ADVANCING MODELLING OF WIND TURBINES

Alberto Cardona of Universidad Nacional del Litoral and his team have made a significant advancement for the UPWARDS project in recent months.

 

The work done to date pertains to modelling of the interaction of air-flow with structural components. The UNL team worked with Siemens’ software tools (STAR-CCM+ and SAMCEF Mecano, correspondingly simulating air-flow & structural components [and their movements]), to enable increasingly sophisticated simulations of wind-turbines in operation.

 

“We are modelling the flow around a wind turbine, which is conventionally modelled as a rigid body member (meaning the blades are not deforming) only turning”.

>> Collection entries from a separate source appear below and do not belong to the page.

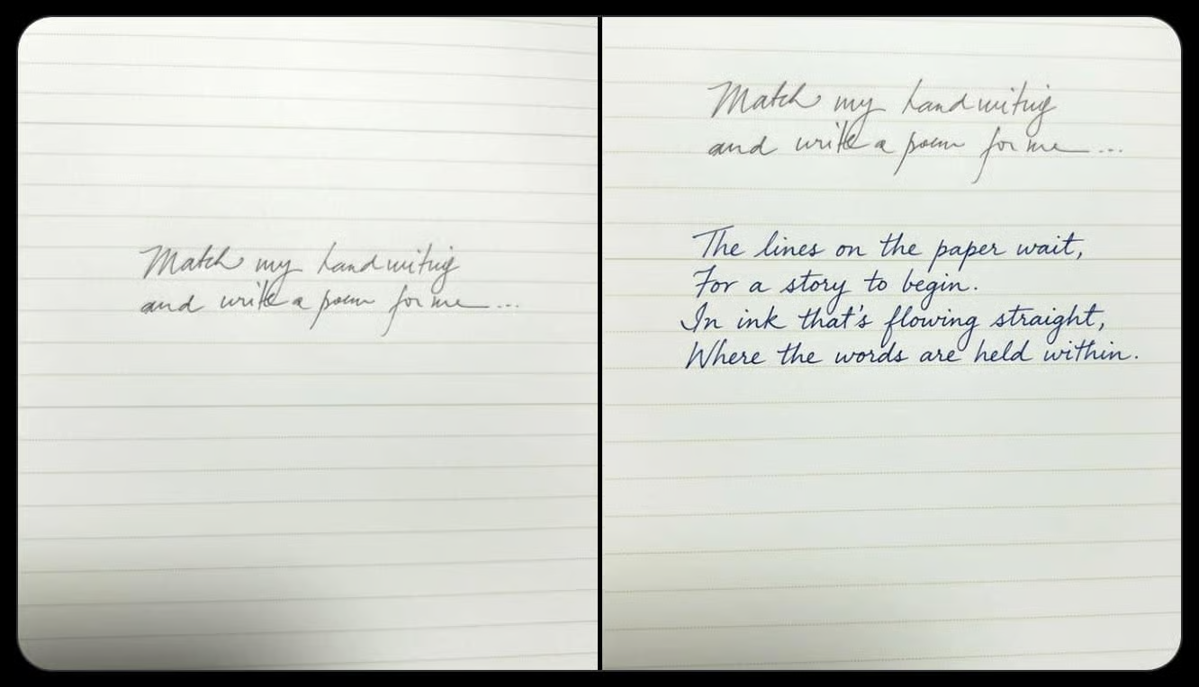 3️⃣ Enter A Style Matching Prompt: Use a prompt like: “Analyze the uploaded handwriting sample and match its style exactly, including letter shapes, spacing, slant, and stroke flow. Write the following text in the same handwriting style: [insert your text].”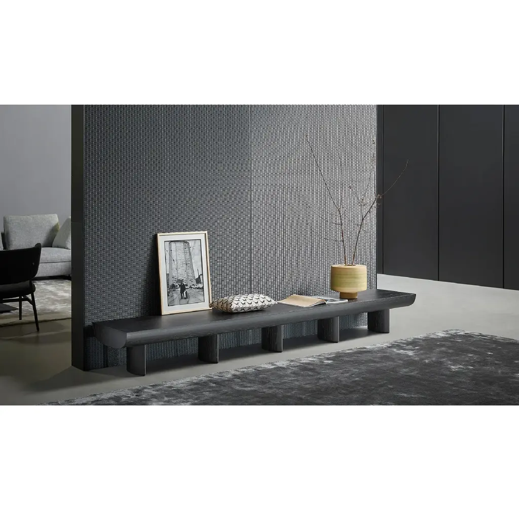 Designed by Alain Gilles, this TV stand is a piece with considerable impact even though it has a simple and linear design. Sculptural appears as a single wooden element supported by five legs which form the base. The surface develops in a downward arc while it has a cavity in the rear which is useful for concealing cables, thereby ensuring the maximum in aesthetic performance. Whether used as a TV stand or a design TV console, placed against a wall under the TV or in the living room in front of a sofa, Sculptural genuinely resembles a sculpture and this is the true stylistic hallmark of this design.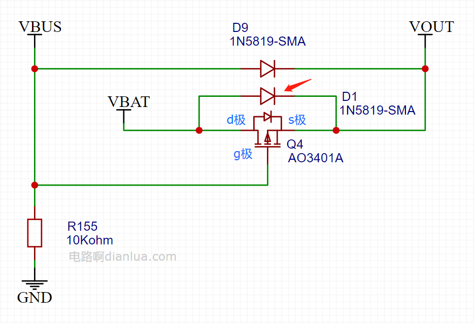 该肖特基二极管D1的正向导通压降约为0.3V,比MOS管的体二极管要小。在MOS管完全打开之前,VBAT通过肖特基二极管D1对VOUT进行供电,可以缓解VOUT电压下降过多的问题。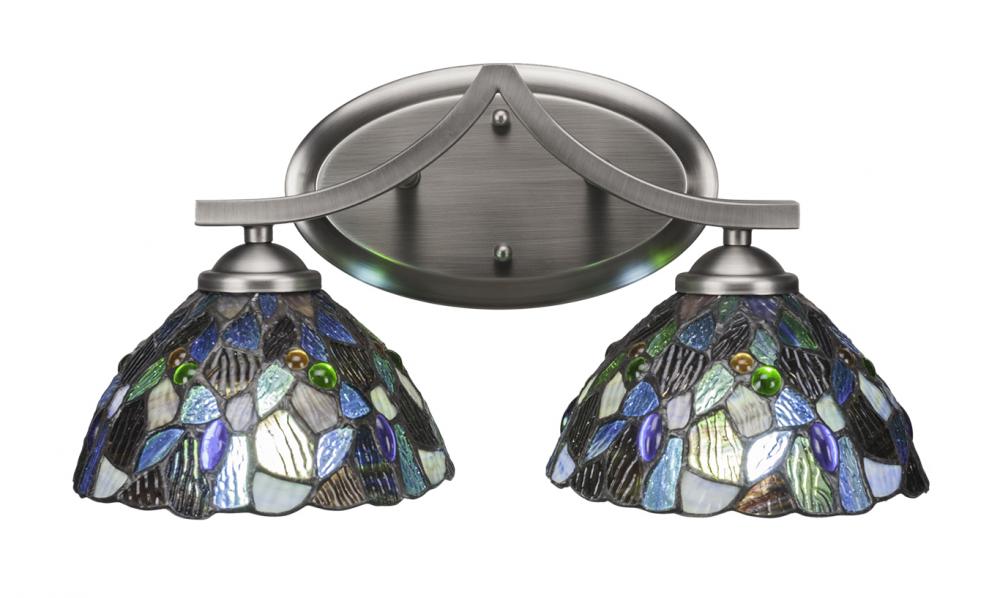 Toltec Lighting 552-GP-9955 Zilo 2 Light Bath Bar Shown In Graphite Finish With 7 Blue Mosaic Art Glass

              -Alberto Cardona

 

Now this may seem like a minor adjustment to make to modelling software, it does however have major consequences. Currently wind turbine size is capped due to the incapability of the industry to understand and therefore predict how wind-turbines perform under various conditions to a finer degree. Speaking of deformation specifically, as the size of the turbine grows so do key parameters like length, mass and stress on components, thus likely increasing deformation experienced by the blades.

 

If such deformation is not kept within acceptable ranges this can not only prevent the wind-turbine from reaching optimal performance but can also cause serious damage and perhaps failure of the mechanical system.

 

Additionally, with the increased size of wind-turbine blades it is possible for complications in the material to arise through failure mechanisms that do not take place at a smaller scale and thus must be designed and engineered to compensate for accordingly.

 

Thus, development and validation of these improvements will have a direct impact on the size (and therefore capacity) and performance of existing wind-turbines, ushering in a new phase for the wind-energy industry.